Russian online marketplaces have observed that mining hardware is more frequently offered than sought. This trend started after the Central Bank of Russia (CBR), published a consultation document last month. In it, the regulator suggested a blanket ban of operations with cryptocurrency, including mining. It cited financial instability and investor risks.
RBC has been informed by a major online platform that while there were more ads for coin minting equipment, demand has declined. Marvel Distribution, one the most prominent Russian retailers of this type of product, also reported a drop in video card sales.
According to one source, January saw an increase in video card sales of 12% over December. However, demand for GPUs fell by 4%. The supply of mining rigs rose by 18%, but the demand for them fell by 9% over the month ending 2021. Listings for ASICs increased by 17%, while searches for specialized hardware fell by 27%.
A representative from another market confirmed the shrinking demand, noting that CBR’s report had been a turning point for consumer behavior. This is despite the fact that the monetary authority failed to get support from other institutions, and President Putin highlighting Russia’s competitive advantages as an mining destination.

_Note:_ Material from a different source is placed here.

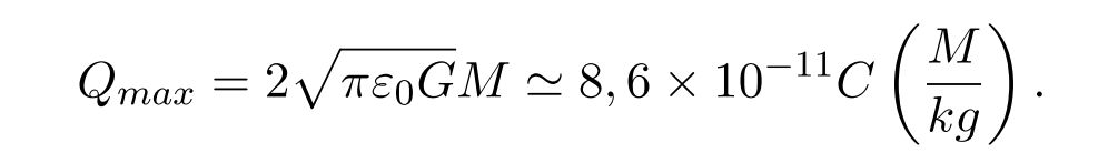 A partir de la ecuación (4) podemos calcular la carga máxima que puede tener un agujero de Reissner-Nordstrom. Como la cantidad subradical no puede hacerse negativa, la carga máxima se calcula haciendo que dicha cantidad se anule:
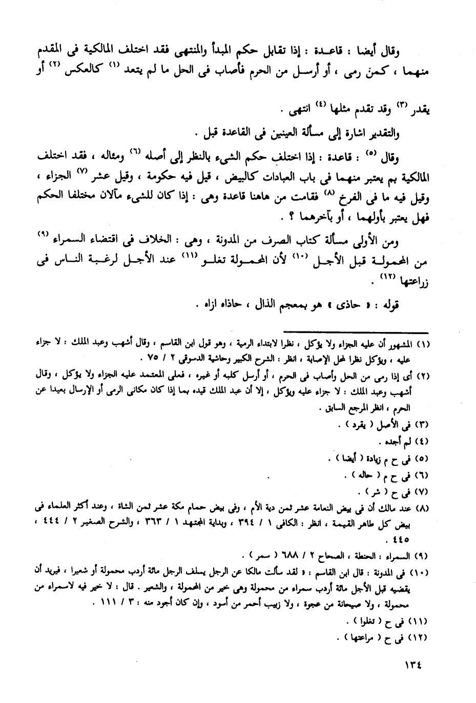 وقال أيضا: قاعدة: إذا تقابل حكم المبدأ والمنتهي فقد اختلف المالكية في المقدم منهما، كمن رمي، أو أرسل من الحرم فأصاب في الحل ما لم يتعد كالعكس أو يقدر وقد تقدم مثلها انتهي.

The federal government offered an alternative strategy, betting that cryptocurrencies could be regulated rather than banned. Dmitry Chernyshenko, the Deputy Prime Minister, signed a regulatory map for the sector that did not initially cover crypto mining. A recent report from the daily Izvestia claims that Chernyshenko later directed several regulatory agencies and departments to include mining in the document.
Experts in the industry have doubted that it is technically possible to prohibit the extraction of digital currency. Russia, a country rich in energy, is one of the top mining hotspots worldwide. Its importance has grown since China cracked down on the sector last May. Officials in Moscow are calling for to recognize mining and tax it accordingly.